* Your objective: Without including any pictures, write out all the records word for word.
○ ○ ○ ○
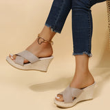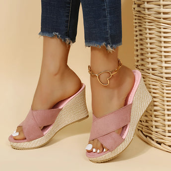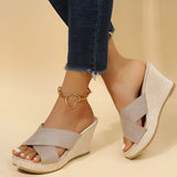 1 - Black Cross Strap Wedge Sandals - Women's Chic Platform Heels |
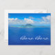 Carte postale d'une vue aérienne sur l'île tropicale Bora Bora avec lagon turquoise dans l'océan Pacifique près de Tahiti en Polynésie française avec le texte : 'Bora Bora'.
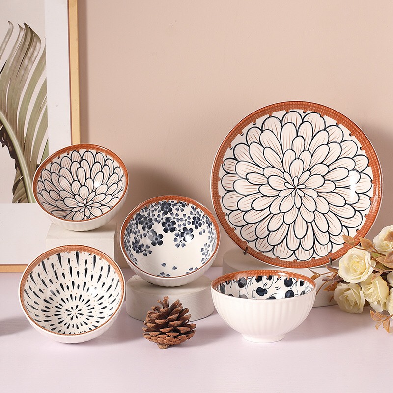 🔸 Bộ 5 bát đĩa hoạ tiết kèm đũa muỗng được cấu tạo từ sứ cao cấp, mang lại sự tinh tế và đậm bản sắc của phong cách Nhật Bản.
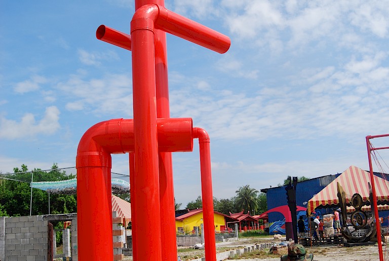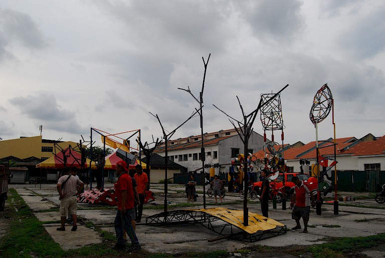 They had used local school, S.R.J.K (Chung Wah) the only school in Sasaran, as their significant venue for their activities. During the event, the classes were used by the artists as their studio in developing their art work. Another significant feature of this event is how the community members were able to accommodate the artists involved to stay at their properties without charges. Furthermore, it has become some sort of basic module of the Sasaran Festival. At the beginning, local community members were paying little attention even sceptical with the event. They consider that Sasaran were not a place for art and that art are belong to the big cities such as Kuala Lumpur. In order to socialise and nurture the appreciation towards art amongst the community member, Ng Bee created an educative workshop to introduce the basic of art within 2 months’ time. Their responses towards the festival began to change as the artists started to prepare their work, which they develop the curiosity about the artists working process. Later the community member began to develop their interest in assisting the artists by providing their manpower, material, event they suggest the artists to use recycle material found in Sasaran. Ng Bee saw this experience as a potential of the community further engagement towards the festival. The community themselves have their own pride by getting involve in the art making in particular, as it served a good way in promoting their hometown. They even voluntarily contribute their power and working hours in order to assist the artists without expecting material benefit in return. Other contribution they made including skills in logistical preparation, art assistant, handlers, material sourcing and assisting in fundraising activities. For the 2011 festival, they appoint a shop house space owned by a community member to become a meeting space and formed team role that divided into each leading area such as media, programme and logistic. Later each leading team working with smaller project teams from the community member which consist of 100 people in total. As for the artists that get involved in the festival, it is an opportunity for them to associate and see different artistic development from other part of the world. During the festivals visitors were also able to interact with the artists and their practice, which is another way of using art in reaching people that were foreign with art before.
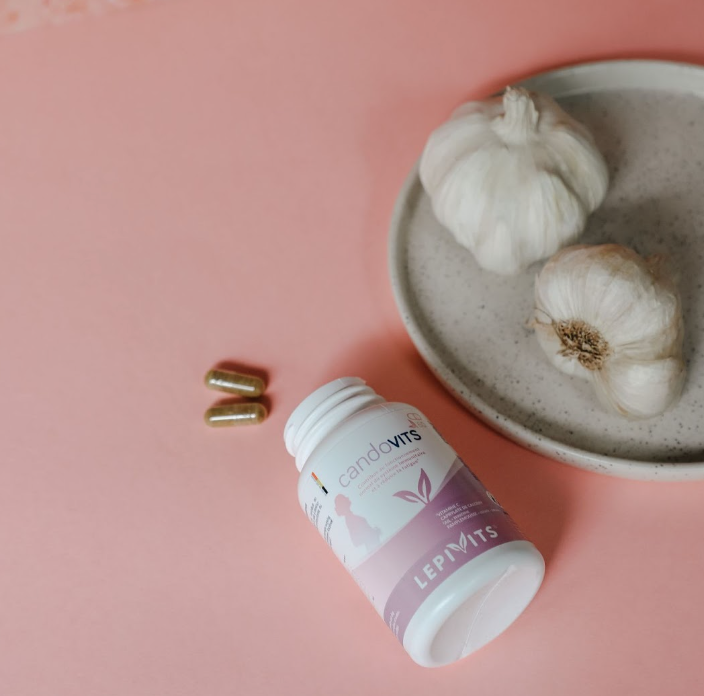 - Highly Titrated Plant Extracts: The carefully selected plant extracts in Candovits are titrated in allicin (garlic), oleuropein (olive), and carvacrol (oregano), working in synergy. The garlic extract, titrated in allicin, increases the body's antioxidant capacity. According to studies, the combined extract of olive and garlic titrated in allicin may contribute to maintaining microbial balance in the gut. Vitamin C contributes to the normal function of the immune system and helps reduce fatigue. According to a study, vitamin C combined with oregano could support intestinal immune defenses.
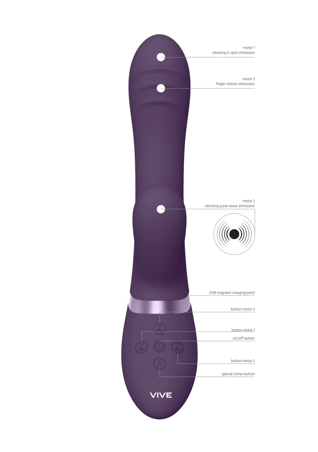 Оснащен 3 мощными независимыми моторами: вибрационный в головке, импульсно-волновой в клиторальном отростке и Finger Motion мотор.
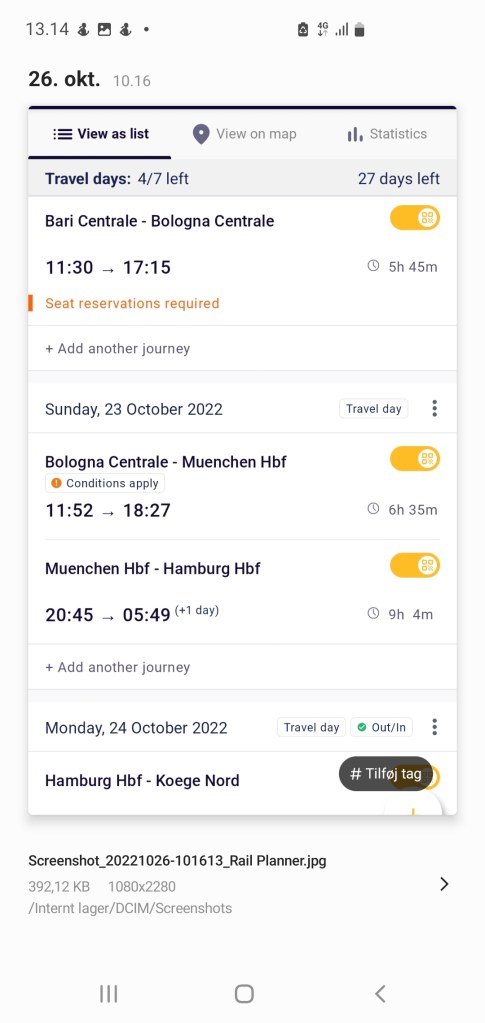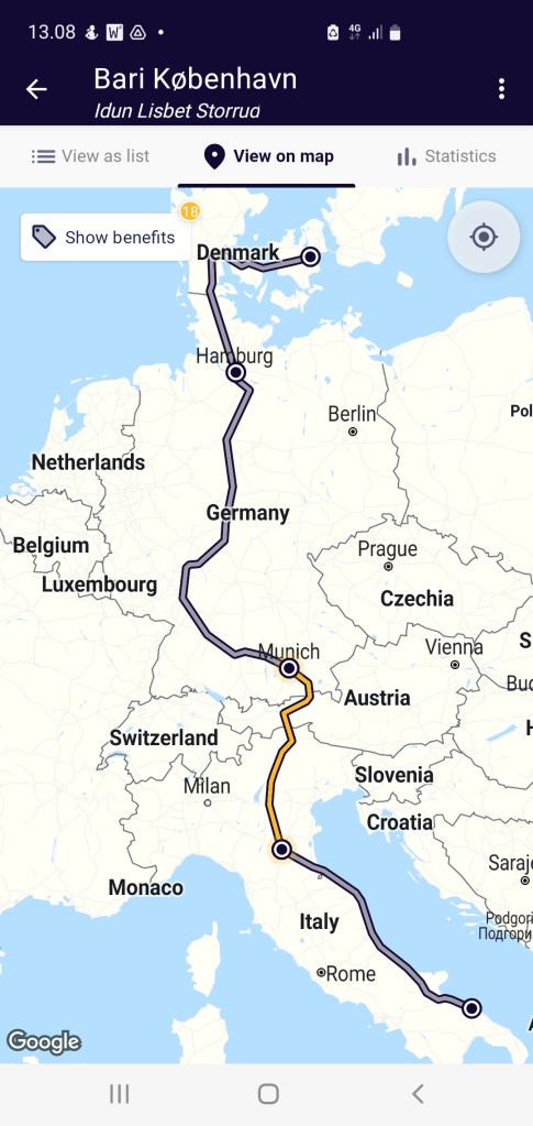 Jeg valgte Bari, som er den sydligste. Kahytterne var sindssygt dyre, fordi jeg var sent på den, og der kun var luksus kahytter til rådighed. Så jeg valget Air Seat, som næsten ikke koster noget. Det var jo kun en overnatning, så det kunne nok gå. Derfra var det nemt nok at bestille tog resten af vejen. Billetterne lægges ind på telefonen, og de kan ændres under vejs, hvis man skifter mening. Jeg valgte at have en overnatning i Bologna. En stillestående overnatning, mellem to der bevægede sig ville være godt, tænkte jeg.
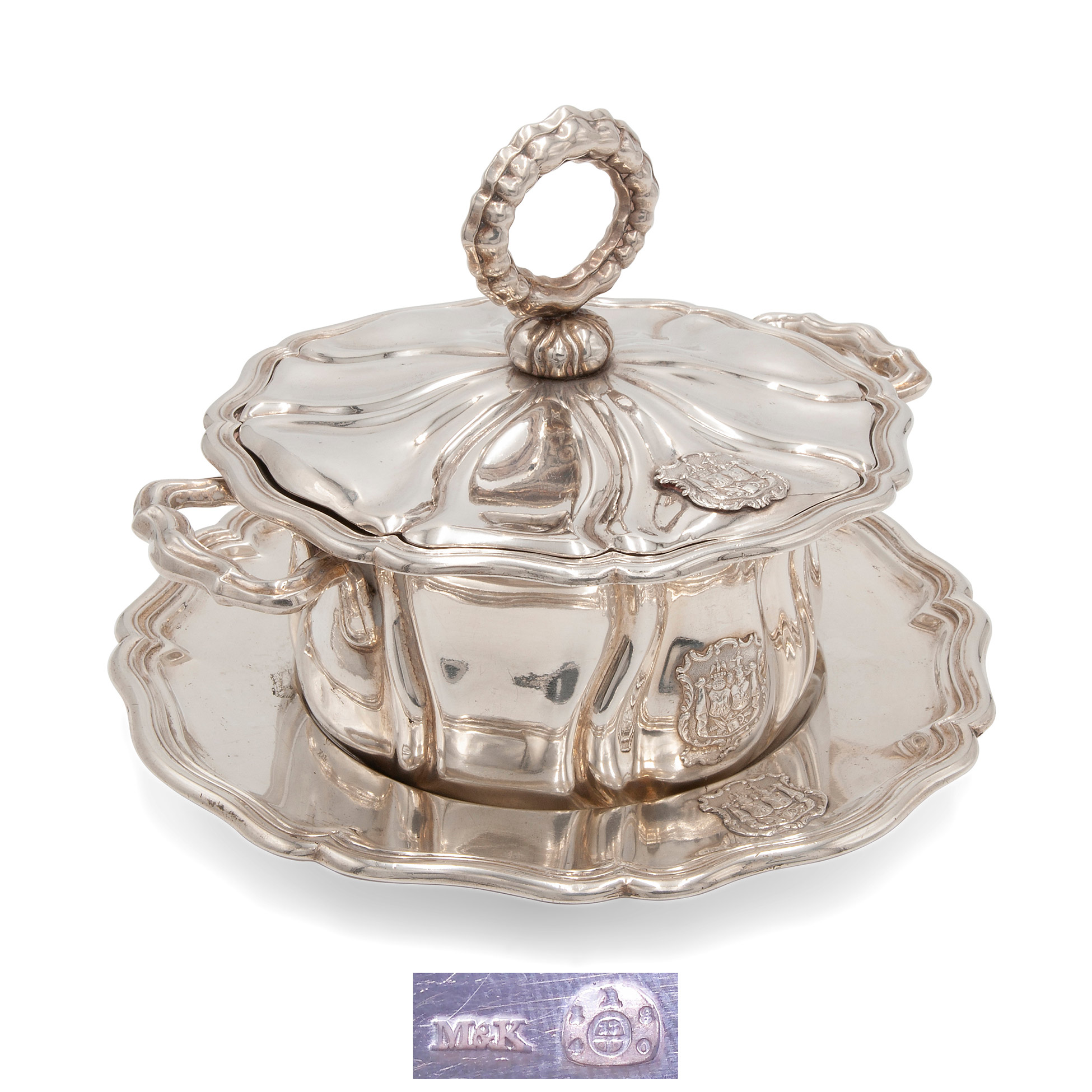 Zuppierina in argento con sottopiatto, Vienna 1840 Peso complessivo gr. 1204, 16,5x22x22 cm.
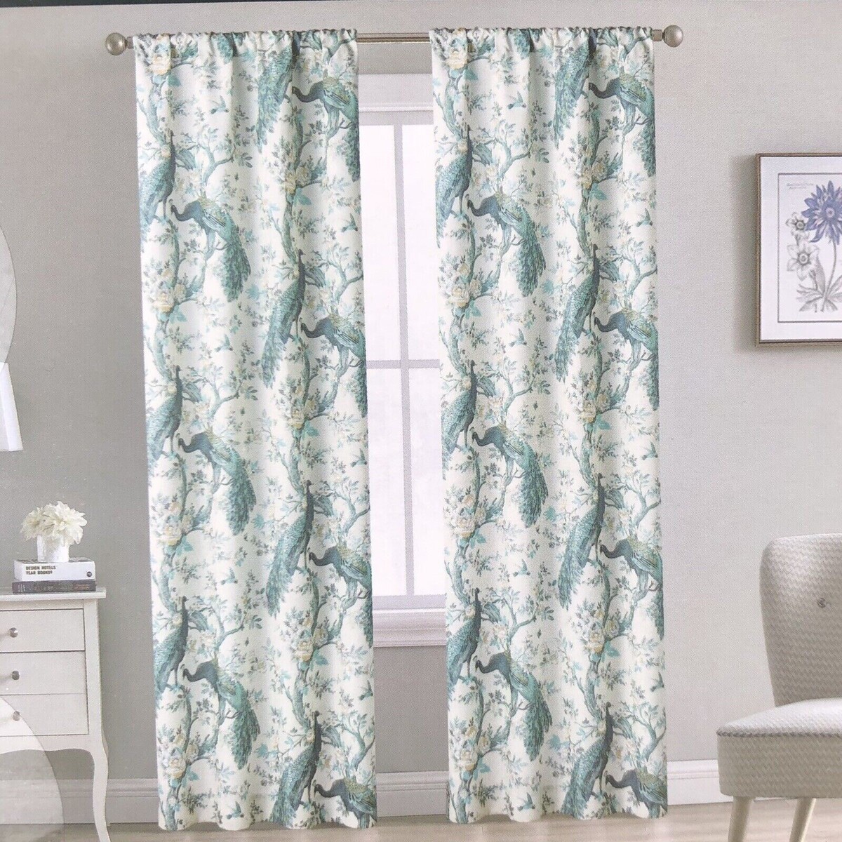 Laura Ashley Belvedere Peacock Pole Top Drapes Drapery Set
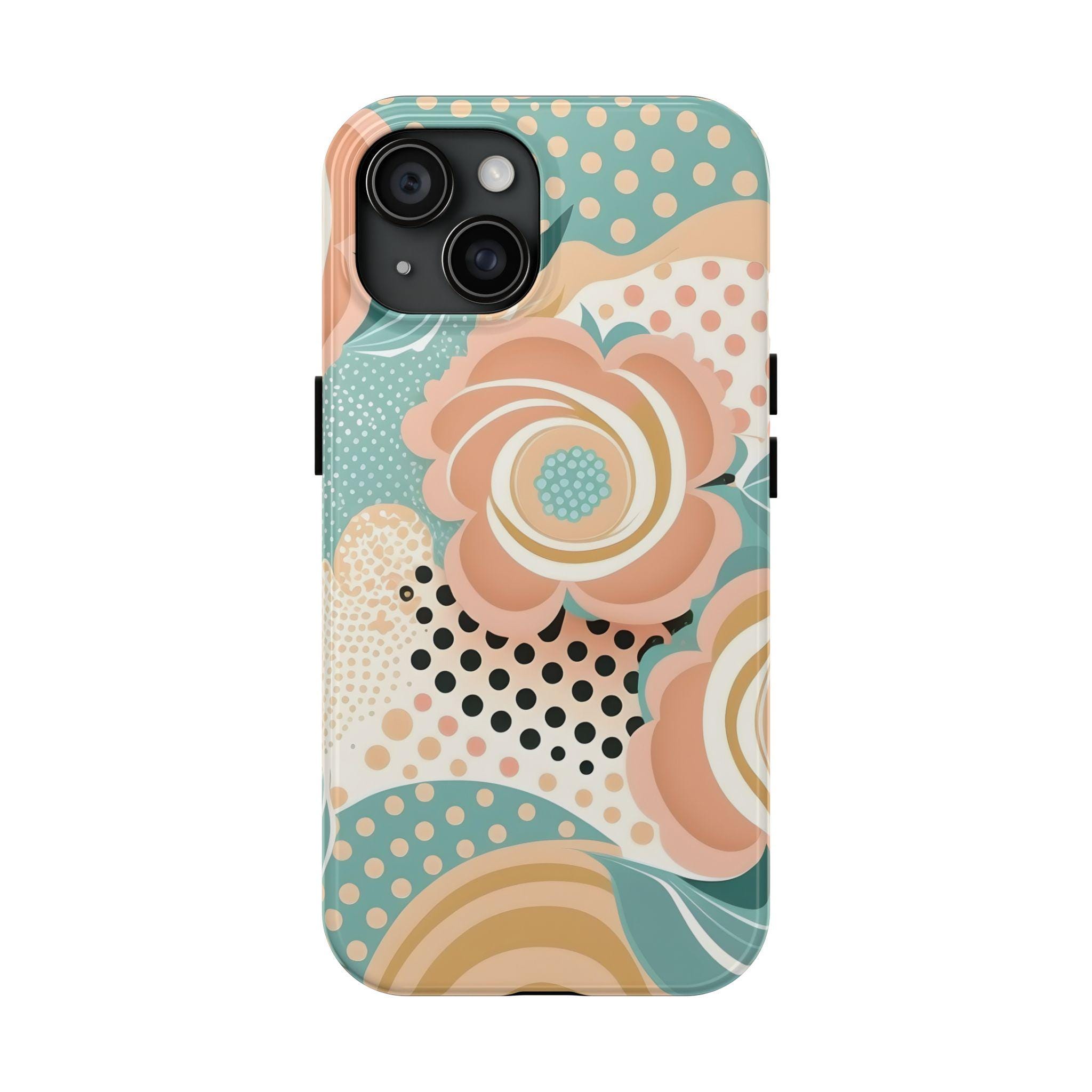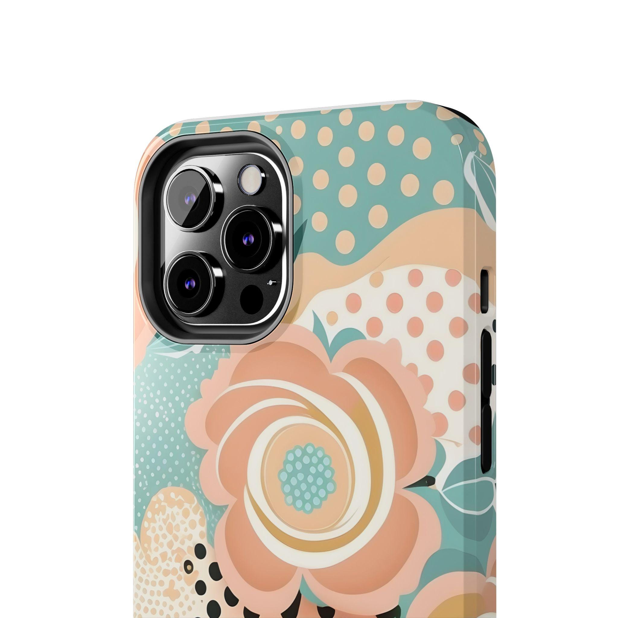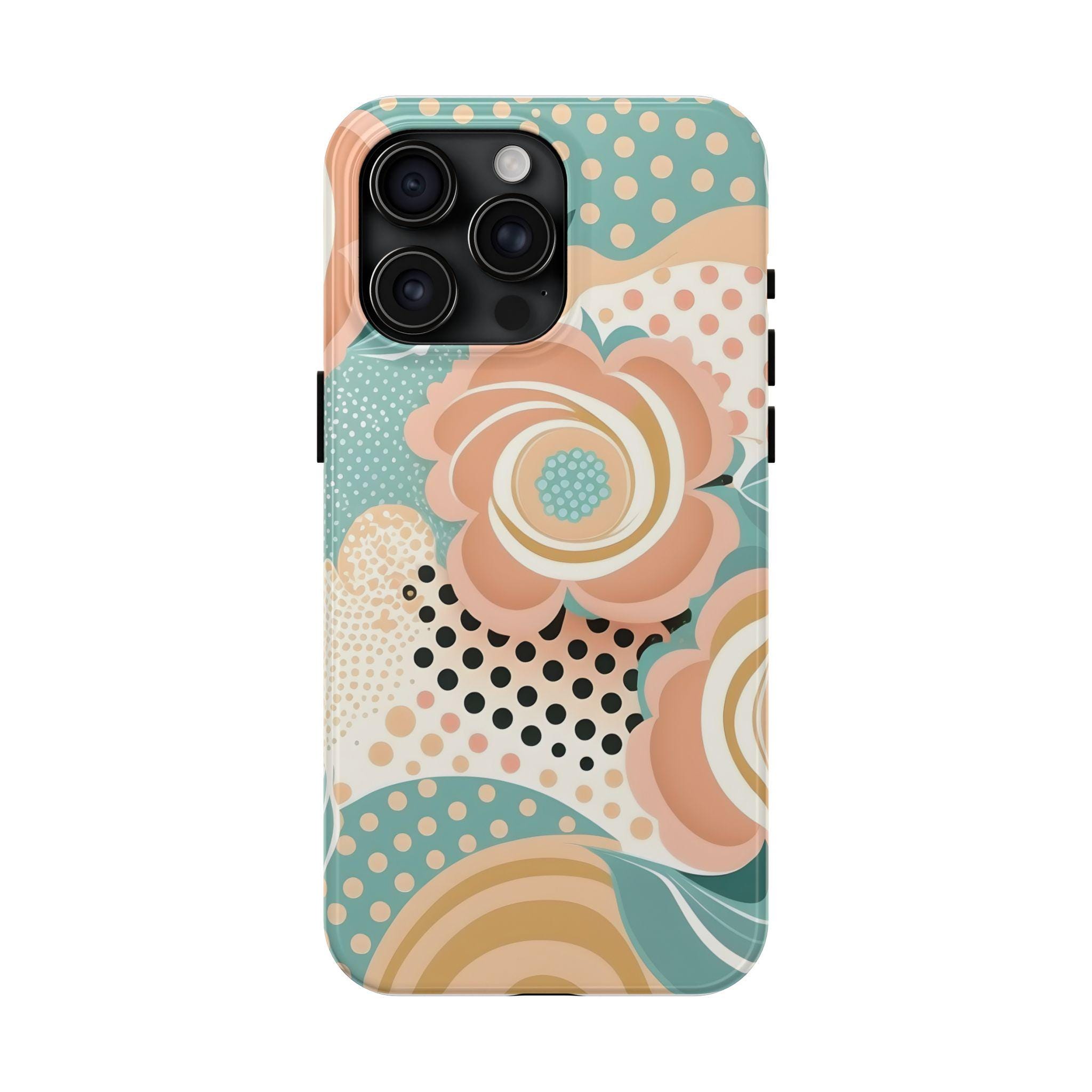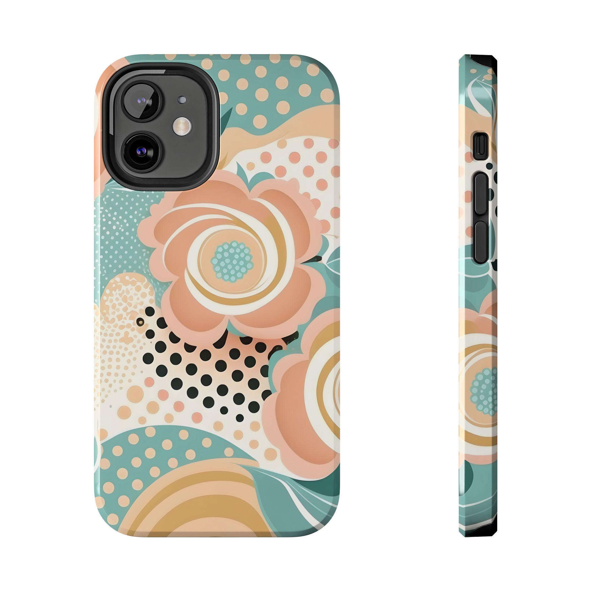 durable phone case, Retro, Circles and Flowers Tough Phone Cases. Protect your phone in custom style with this tough phone case. This lightweight phone case is impact resistant and comes with the perfect surface to print all your ideas in vivid detail as well as crisp color. Compatible with iPhone 7, 8, X, 11, 12, 13, 14 & more – check our available sizes.
○ ○ ○ ○
* Response:
 1 - Black Cross Strap Wedge Sandals - Women's Chic Platform Heels |
 Carte postale d'une vue aérienne sur l'île tropicale Bora Bora avec lagon turquoise dans l'océan Pacifique près de Tahiti en Polynésie française avec le texte : 'Bora Bora'.
 🔸 Bộ 5 bát đĩa hoạ tiết kèm đũa muỗng được cấu tạo từ sứ cao cấp, mang lại sự tinh tế và đậm bản sắc của phong cách Nhật Bản.
 They had used local school, S.R.J.K (Chung Wah) the only school in Sasaran, as their significant venue for their activities. During the event, the classes were used by the artists as their studio in developing their art work. Another significant feature of this event is how the community members were able to accommodate the artists involved to stay at their properties without charges. Furthermore, it has become some sort of basic module of the Sasaran Festival. At the beginning, local community members were paying little attention even sceptical with the event. They consider that Sasaran were not a place for art and that art are belong to the big cities such as Kuala Lumpur. In order to socialise and nurture the appreciation towards art amongst the community member, Ng Bee created an educative workshop to introduce the basic of art within 2 months’ time. Their responses towards the festival began to change as the artists started to prepare their work, which they develop the curiosity about the artists working process. Later the community member began to develop their interest in assisting the artists by providing their manpower, material, event they suggest the artists to use recycle material found in Sasaran. Ng Bee saw this experience as a potential of the community further engagement towards the festival. The community themselves have their own pride by getting involve in the art making in particular, as it served a good way in promoting their hometown. They even voluntarily contribute their power and working hours in order to assist the artists without expecting material benefit in return. Other contribution they made including skills in logistical preparation, art assistant, handlers, material sourcing and assisting in fundraising activities. For the 2011 festival, they appoint a shop house space owned by a community member to become a meeting space and formed team role that divided into each leading area such as media, programme and logistic. Later each leading team working with smaller project teams from the community member which consist of 100 people in total. As for the artists that get involved in the festival, it is an opportunity for them to associate and see different artistic development from other part of the world. During the festivals visitors were also able to interact with the artists and their practice, which is another way of using art in reaching people that were foreign with art before.
 - Highly Titrated Plant Extracts: The carefully selected plant extracts in Candovits are titrated in allicin (garlic), oleuropein (olive), and carvacrol (oregano), working in synergy. The garlic extract, titrated in allicin, increases the body's antioxidant capacity. According to studies, the combined extract of olive and garlic titrated in allicin may contribute to maintaining microbial balance in the gut. Vitamin C contributes to the normal function of the immune system and helps reduce fatigue. According to a study, vitamin C combined with oregano could support intestinal immune defenses.
 Оснащен 3 мощными независимыми моторами: вибрационный в головке, импульсно-волновой в клиторальном отростке и Finger Motion мотор.
 Jeg valgte Bari, som er den sydligste. Kahytterne var sindssygt dyre, fordi jeg var sent på den, og der kun var luksus kahytter til rådighed. Så jeg valget Air Seat, som næsten ikke koster noget. Det var jo kun en overnatning, så det kunne nok gå. Derfra var det nemt nok at bestille tog resten af vejen. Billetterne lægges ind på telefonen, og de kan ændres under vejs, hvis man skifter mening. Jeg valgte at have en overnatning i Bologna. En stillestående overnatning, mellem to der bevægede sig ville være godt, tænkte jeg.
 Zuppierina in argento con sottopiatto, Vienna 1840 Peso complessivo gr. 1204, 16,5x22x22 cm.
 Laura Ashley Belvedere Peacock Pole Top Drapes Drapery Set
 durable phone case, Retro, Circles and Flowers Tough Phone Cases. Protect your phone in custom style with this tough phone case. This lightweight phone case is impact resistant and comes with the perfect surface to print all your ideas in vivid detail as well as crisp color. Compatible with iPhone 7, 8, X, 11, 12, 13, 14 & more – check our available sizes.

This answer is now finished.